The Car Connection Lincoln Navigator Overview
The Lincoln Navigator helped create the full-size luxury sport-utility category. Lincoln's biggest, most expensive vehicle to date, the Navigator was introduced in the 1998 model year, before the Cadillac Escalade—though since then, the Escalade has sold far more examples than the Lincoln.
The long-running Navigator sits at the top of Lincoln's SUV lineup, above the MKT and MKX crossover SUVs, and the new MKC compact crossover.
Today, the Navigator's main competitor is still the Cadillac Escalade, while the GMC Yukon Denali, Chevrolet Suburban, Infiniti QX80, Lexus LX, Mercedes-Benz GLS-Class—and perhaps even the Mercedes G-Class—can be considered competitors as well.
MORE: Read our 2016 Lincoln Navigator review
The new Lincoln Navigator
The latest Lincoln Navigator represents a major refresh on what had become an aging utility vehicle. Fuel economy has risen, thanks to a new EcoBoost (turbocharged and direct-injected) V-6 engine that's been subbed in for the V-8 across the model line, and front-end styling joins the latest Lincoln design themes—although the rest of the body remains largely the same as it's been since 2007.

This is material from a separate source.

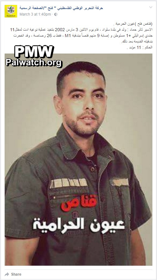 Prisoner Thaer Hammad: born in the village of Silwad. On Monday, March 3, 2002, he carried out a quality operation (i.e., terror attack) that led to the death of 11 Israeli soldiers and 1 settler (sic., he murdered 3 civilians and 7 soldiers) and the wounding of 9, while using an M1 rifle and just 26 bullets. The old rifle blew up immediately afterwards.

The heavy update that came for 2015 carries over unchanged for 2016, and it keeps the Navigator in its third generation. Until this point, the big Lincoln SUV has been powered by one engine, a 5.4-liter V-8, paired with an automatic transmission and a choice of rear- or all-wheel drive. The package has also included seating for seven, a leather-lined interior, and Lincoln styling to differentiate it from its near-twin, the Ford Expedition.
The new EcoBoost V-6 makes 380 horsepower and 460 pound-feet of torque—more than the V-8 on both counts—and the Navigator now includes standard magnetic ride control with continuous damping. Inside, the instrument panel has been refreshed, and the Navigator at last includes the latest version of MyFord Touch, plus a blind-spot monitoring system with cross-traffic alert, and a revised feature set. Gas mileage numbers are up to 16 mpg city, 22 highway, 18 combined with rear-wheel drive.
The Navigator continues to be offered in both Navigator and Navigator L versions, with the L adding 12 inches of wheelbase as well as almost 14 inches of length. It doesn't make the third row all that much more spacious, but it's at least easier to get to, and there is more space for cargo behind the rearmost seats.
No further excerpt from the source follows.